Companies should also review the need for different CRM software that can track leads, opportunities, and wins effectively. Any change will require the complete migration of all relevant customer data and related attributes into the new software.

Technology and data

The technology workstream can be complex during a divestiture. IT due diligence is conducted to facilitate the creation of a 100-day roadmap in line with the TSA requirements. This roadmap consists of multiple sub-streams that cover standalone running costs of the carved-out entity, including the underlying infrastructure/data center, maintenance of existing production systems, and additional costs for implementing new systems that were not part of the transition from the parent company. A detailed plan for transition governance is important to succeed in day-one standup as well as to articulate clear accountability and operational readiness. Third-party licensing for IT systems and platforms needs to have a clear separation from the parent company. Clearly define ownership of physical IT equipment and servers. Active directory migration for the carved-out company should be complete, and the disaster recovery plan should be clearly articulated prior to day one. Access to historical financial and operational data will be key for future reporting and business analysis.

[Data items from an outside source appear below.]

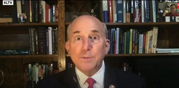 That's right, it's everyone's favorite Gomer, the Nincompoop of Nacogdoches, America's Dumbest Congressman Louie Gohmert. And although Flynn is getting all the headlines, let's not ignore the fact that it's qualitatively worse for a member of the House of Representatives to be flogging conspiracies than a retired general and a wacko lawyer who is (still! inexplicably!) a member of the bar in good standing.
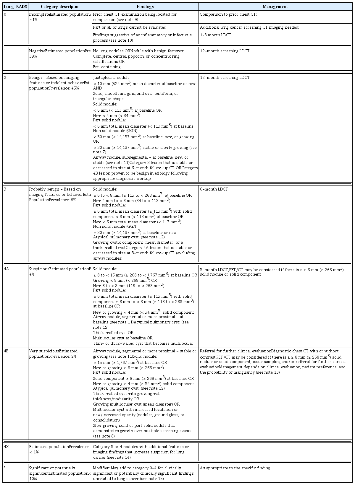The Lung-RADS standardizes the reporting of LDCT findings and is widely used [23]. Radiologists assign a Lung-RADS score (LR 0–4) that considers lung nodules and other findings associated with lung cancer (e.g., airway nodules and atypical cystic lesions), potentially inflammatory/infectious lesions, and other important incidental findings. Each LR score correlates with the lung cancer risk. The primary factors considered in the LR score are nodule consistency, size, and growth, along with other nodule factors, including peripheral and juxtapleural nodule locations and bed margins. Based on this risk, recommendations are made for further management. The LR scores are periodically revised; the most recent version is the Lung-RADS 2022 (Table 3). The Lung-RADS defines LR-1 and LR-2 as “negative” and LR-3 and LR-4 as “positive” CT screening results.
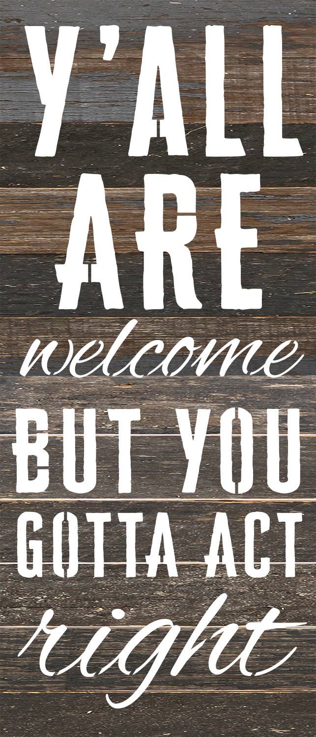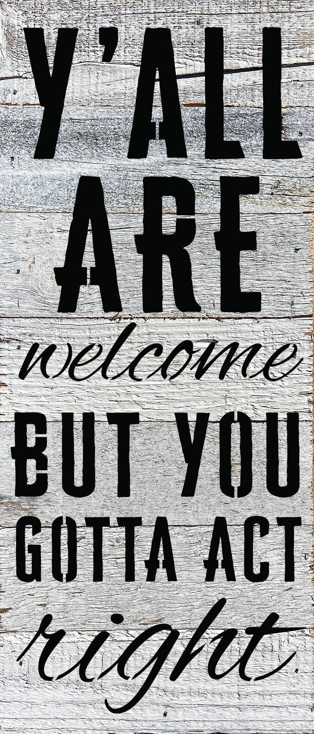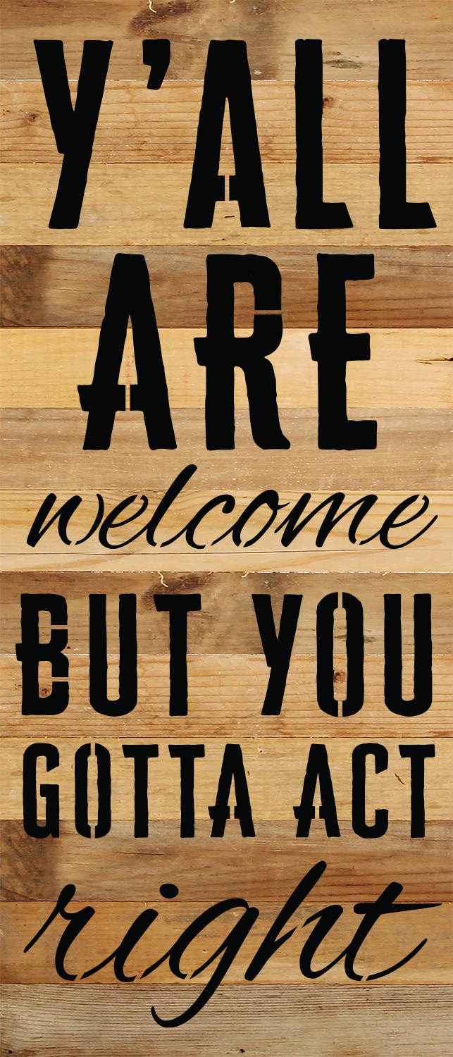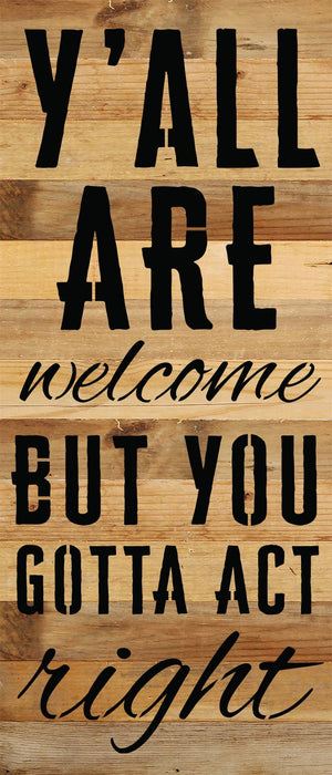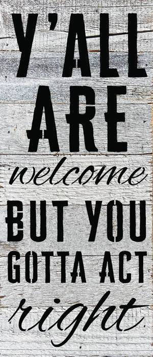 Y'all are welcome but you gotta act right 14x6 Reclaimed Wood Wall Décor
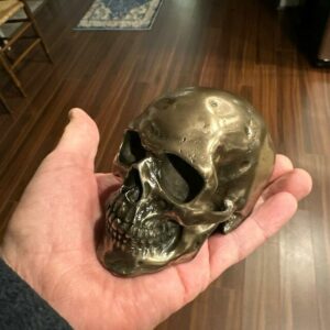 This is one of our more popular skulls. The Bronze Skull is made of a designer resin mix with bronze powder, hand painted and polished Individually. Goes great with modern decor or Gothic decor!
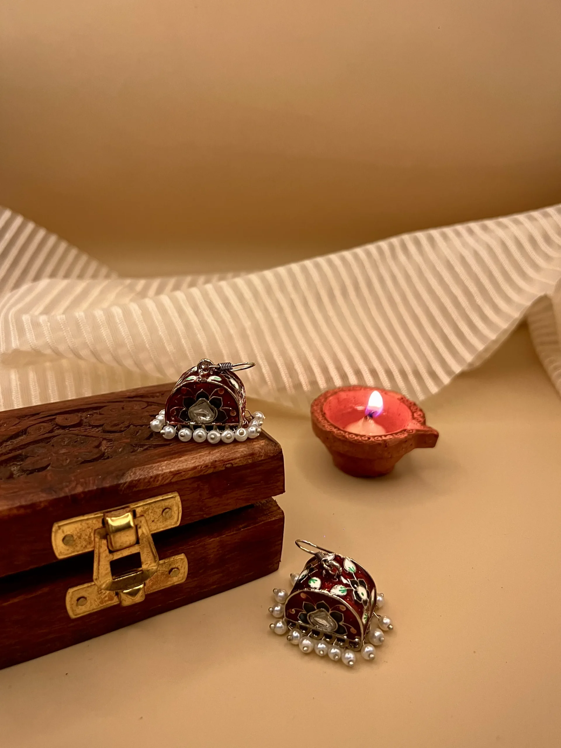 Behold Sindoori Chakori, an enchanting pair of Meenakari jhumkas that are a testament to exquisite craftsmanship. These earrings feature a unique, rounded, and elegant pot-like shape, adorned with a vibrant dark red enamel base and delicate floral motifs. The cluster of delicate pearls hanging from the base adds a touch of playful charm. Whether you’re dressing up a simple kurti for a day out, adding a pop of color to your short kurti ensemble, or completing your look for a traditional suit or saree, these jhumkas are designed to complement any outfit, making them perfect for every occasion.
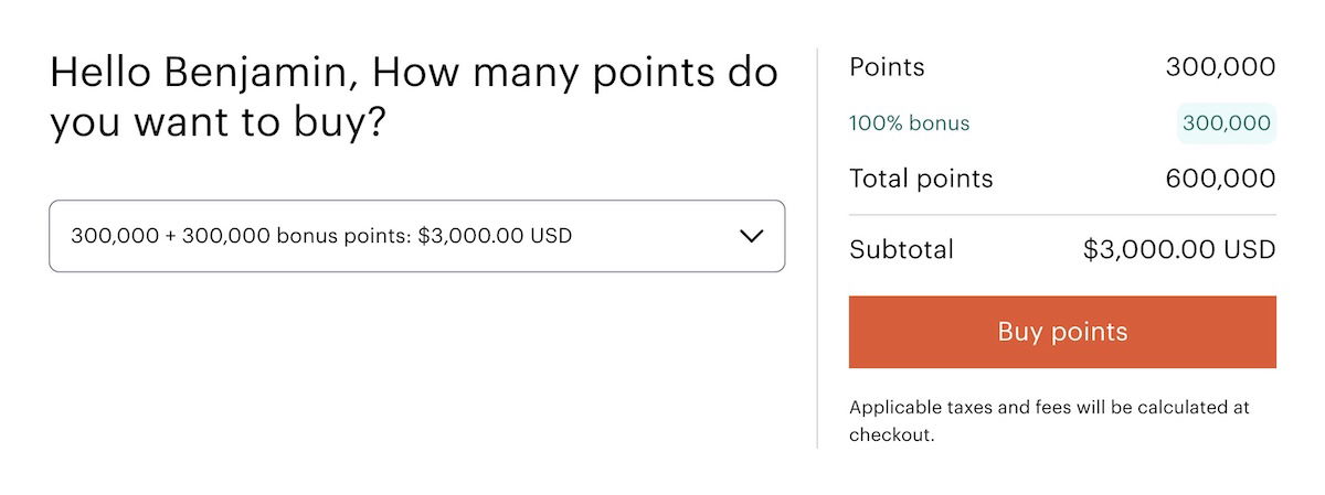 Ordinarily you can buy IHG One Rewards points for as little as one cent each (the pricing isn’t linear), before any discounts or bonuses. With that in mind, if you were eligible for a 100% bonus and purchased 300,000 IHG One Rewards points pre-bonus, you’d receive a total of 600,000 points at a cost of $3,000, which is a rate of 0.5 cents per IHG point.

Divesting a business is complicated and time intensive. Many aspects of the divestiture can be difficult to implement due to changes in business processes, the addition of new staff, employee morale, or bandwidth issues. New hires will need time to learn the business and understand their role in the transition plan. The key to a successful carve-out is a clear separation plan, including adequate transition governance, that will serve as the foundation for a seamless transition and standup. Management must keep up the momentum throughout the transition, which will benefit all stakeholders and prevent organizational change fatigue.